The thought of Lena pregnant always does deeply, profoundly hot things to me, something she knows all too well.

"Remember once upon a time we talked about this, sweetheart?" I grinned, and she smiled possibly the dirtiest smile she had in her arsenal.

"'Course I do, Dar; we agreed one would be lonely, two would fight, three meant two would gang-up on the third, so to give them an even chance we should have four. Know what? I'm ready when you are, so let's make sure the tribe's properly chained-up for the night, and then you and I are going to play Boom-Boom music."

*****

Bobby:

Shari and Yaz looked up from the laptop they'd been huddled around, and shook their heads. Shari looked chagrined, which made sense; she's a perfectionist, if things don't pan out exactly how she wants them to, she gets wound-up and annoyed, and then everyone gets some.

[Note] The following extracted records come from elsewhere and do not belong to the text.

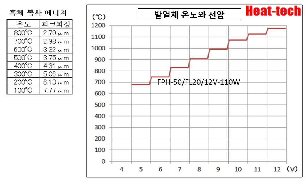 발열체의 온도를 조절함으로써 원적외선의 피크 주파수를 관리할 수 있습니다.
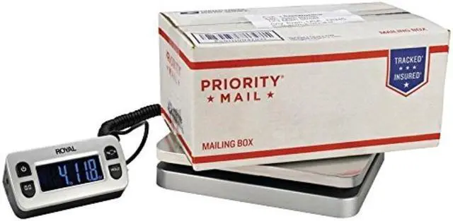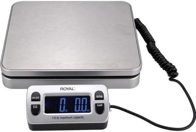 The Royal DG110 110lb-Capacity Postal Scale is a replacement for the discontinued DS35 scale. Don\'t let the pictures fool you: it\'s a major upgrade. The base is not as big as an 8.5 in. by 11 in. piece of paper yet its digital accuracy is enough to handle first-class mail as well as packages weighing up to 110 pounds.. 110lb capacity. Tare & hold features. Displays weight in pounds/ounces/metric. Compact size--takes less desk space than a 8.5" x 11" piece of paper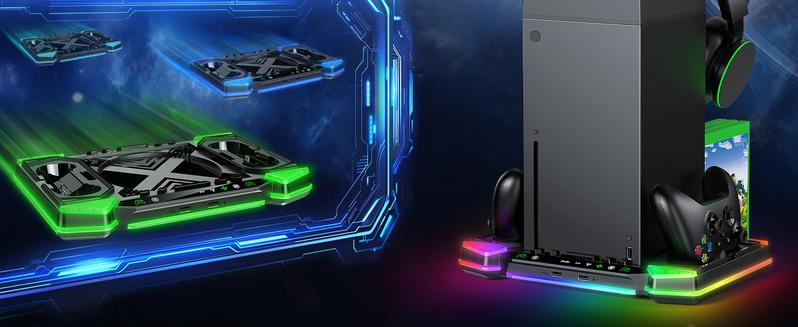✅【Great Accessories for Xbox Series X】 — This accessory integrates multiple functions, including 1 top fan with automatic and manual modes for Xbox Series X console, 1 charger station and 2*1400 mAh rechargeable batteries for Xbox Series X controller, 11 RGB light modes, 1 headset stand, 2 expansion card slots and 6 game disc storage for better game space management. (Note: charge station has no fan but has 4 air intakes!)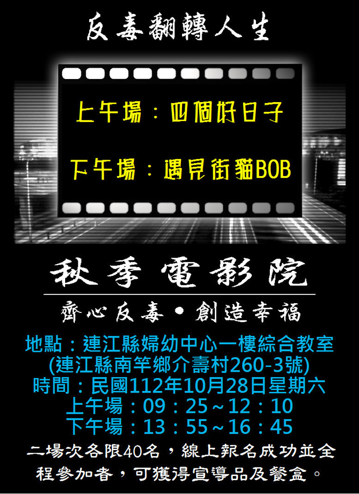 連江縣警察局反毒電影院活動 --閱讀人次 : 933 歡迎各位鄉親好朋友攜家帶眷前來參加
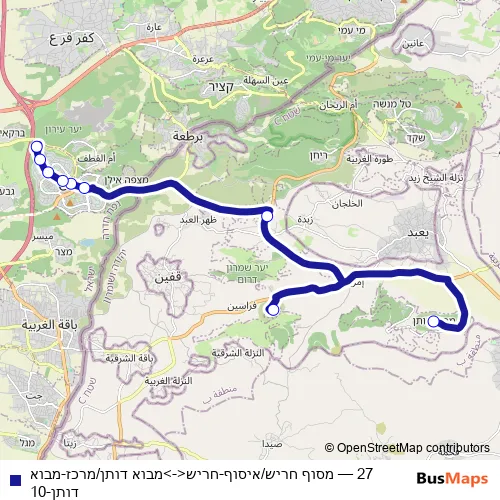 The first stop of the 27 bus route is מבוא דותן/מרכז and the last stop is מסוף חריש/הורדה. 27 (מסוף חריש/איסוף-חריש<->מבוא דותן/מרכז-מבוא דותן-10) is operational during כל יום.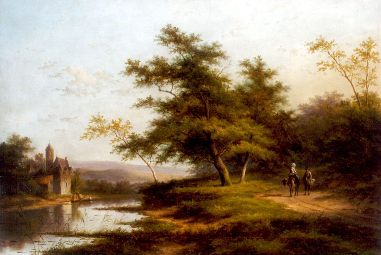 Jan Evert Morel II kunstwerk • schilderij • voorheen te koop Landvolk op een pad langs de rivier

"No good, Bobby, I can't get anything from Ancestry.com, or MyHeritage.com, not without creating a family tree and we don't have one, just us, we come to Robert The Bastard and come to a dead stop. I tried looking to see if the parish register for this St. Leonard's church in Streatham is online; apparently it's not, or it's stashed somewhere else.

It looks like our next move is either the Electoral Roll for the Borough of Lambeth, or the Registry Offices in Sutton, Lambeth, Merton, or Croydon, because Barbara's birth-family, or her brother, even, could have been registered in any of those districts. Thing is, Bobby, one of us, Bobby, will have to go there, Bobby, to each one of them, Bobby, and pay the fee in person, Bobby, and read through the relevant year, Bobby; I wonder who gets the short straw, Bobby...?"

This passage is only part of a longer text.